:: Data shown ::
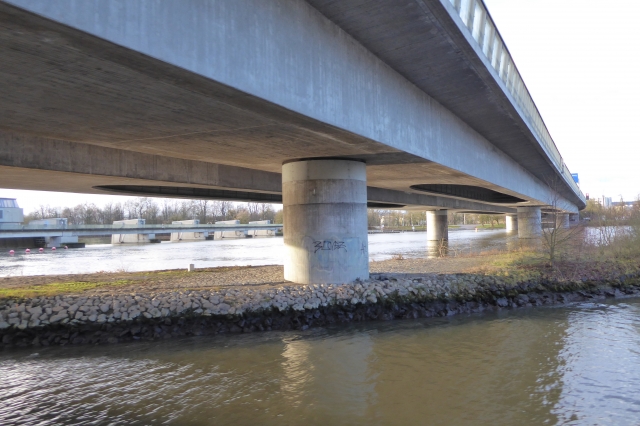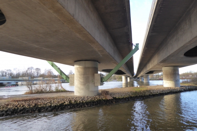 Die Spannbetonbrücke weist sieben Felder mit Spannweiten von 65 m − 80 m − 95 m − 88 m − 86 m − 78 m − 47 m auf. Der beiden Überbauten besitzen in Längsrichtung den Durchlaufträger mit einer konstanten Konstruktionshöhe als Bauwerkssystem. In Querrichtung ist als Bauwerkssystem ein zweistegiger Plattenbalken vorhanden. In den Pfeilerbereichen und Übergangsbereichen zu den Rampen sind aufgrund der hohen Druckkräfte die Plattenbalken unten mit einer Bodenplatte verbunden. Die vertikalen Stege besitzen im Feldbereich unten einen Flansch.
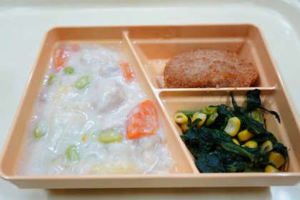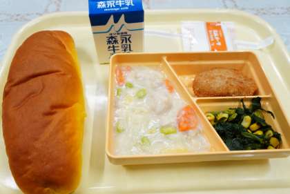 今日の献立は、パンプキンパン、白菜のクリーム煮、ミンチカツ、ポパイコーンソテー、ミルメーク、牛乳です。
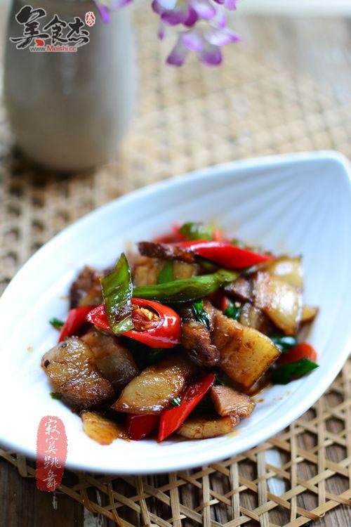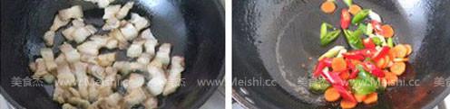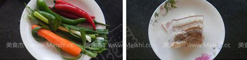 2.煮熟的五花肉切薄片,青紅尖椒切顆粒,青蒜切段,胡蘿卜切細(xì)薄片待用,熱鍋小火放入肉片逼出油
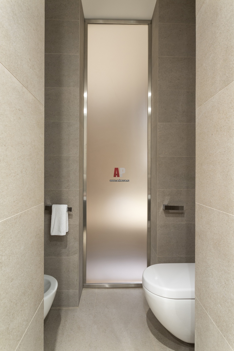 Зона туалета расположена в нише. Унитаз, биде, Villeroy & Boch, серия Subway.
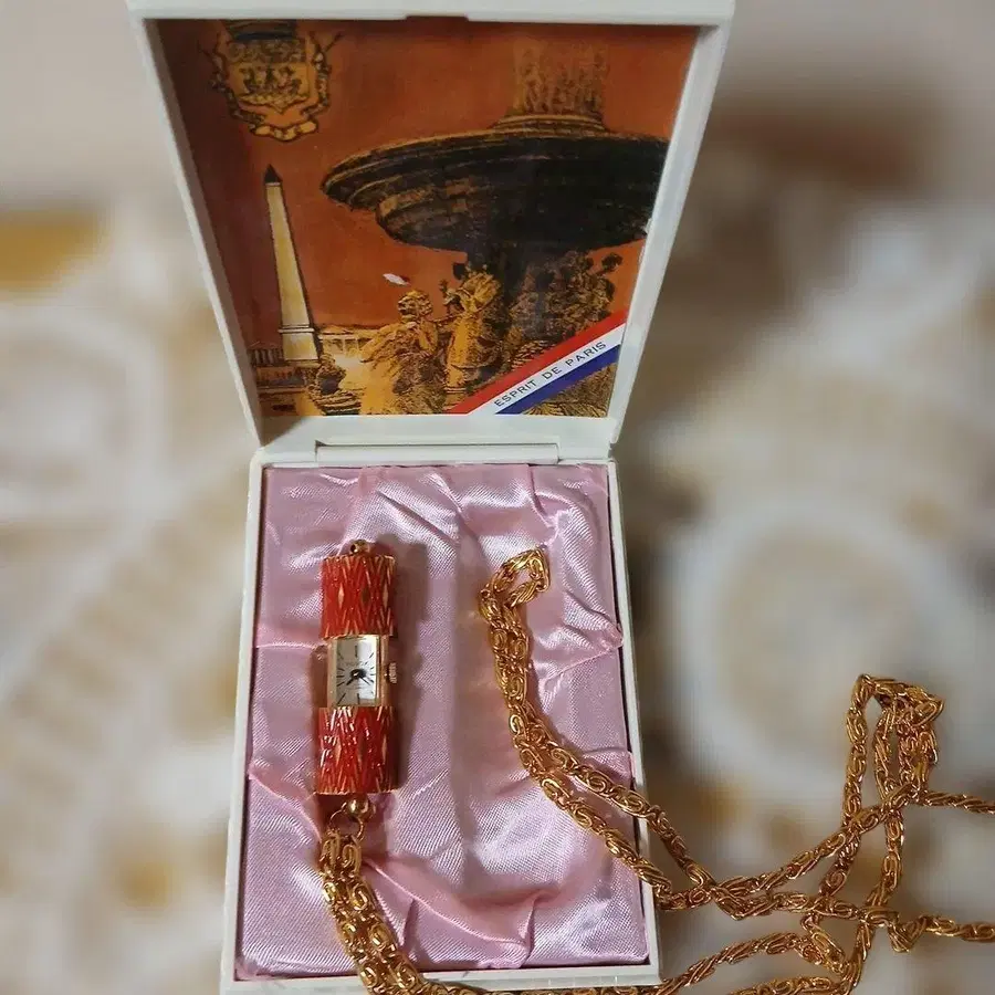 레드 계열 장식 시계 내장형 목걸이 ESPRIT.DE.PARIS
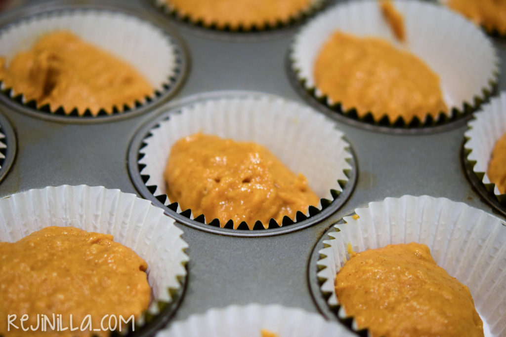 Vacía en moldes de muffins, llenando como a 3/4 de la capacidad.
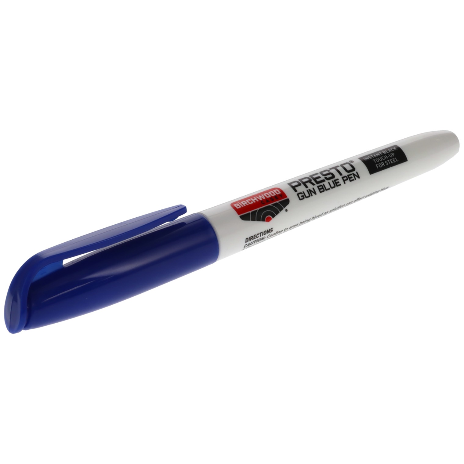 The fastest and easiest way to touch up nicks and scratches is with a simple easy to use Presto Gun Blue Pen. It penetrates hard steel instantly and gives a durable blue black finish that will not rub off. Use like a marking pen for one coat coverage on non-stainless steels.
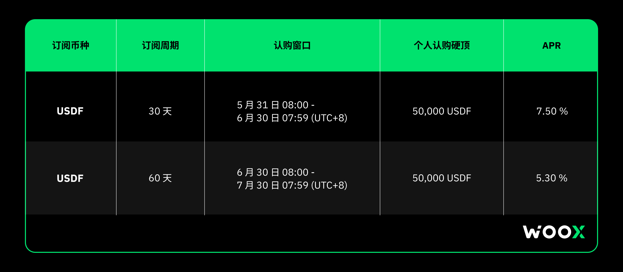 • 认购窗口将在 6 月 30 日 08:00 UTC+8 开启,并于 7 月 30 日 07:59 UTC 关闭。累计收益将在各自到期日的 08:15 UTC+8 结算,并与相应认购的本金一起支付,到期日为认购开始每日积累收益后的 60 天。
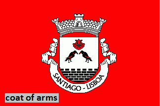 Shield Argent with embattled mural base Sable masoned Argent, two ravens statant respectant Sable garnished Gules, in chief a scallop Gules. Mural crown Argent with three visible towers (village rank) and white scroll with inscription in black capitals "SANTIAGO - LISBOA".
:::
### Problem requirements
The lines from the one with "Vacía en moldes" to the end of the data above should be retyped exactly, both ends included, and pictures are to be left out.

### Solution for this task
 Vacía en moldes de muffins, llenando como a 3/4 de la capacidad.
 The fastest and easiest way to touch up nicks and scratches is with a simple easy to use Presto Gun Blue Pen. It penetrates hard steel instantly and gives a durable blue black finish that will not rub off. Use like a marking pen for one coat coverage on non-stainless steels.
 • 认购窗口将在 6 月 30 日 08:00 UTC+8 开启,并于 7 月 30 日 07:59 UTC 关闭。累计收益将在各自到期日的 08:15 UTC+8 结算,并与相应认购的本金一起支付,到期日为认购开始每日积累收益后的 60 天。
 Shield Argent with embattled mural base Sable masoned Argent, two ravens statant respectant Sable garnished Gules, in chief a scallop Gules. Mural crown Argent with three visible towers (village rank) and white scroll with inscription in black capitals "SANTIAGO - LISBOA".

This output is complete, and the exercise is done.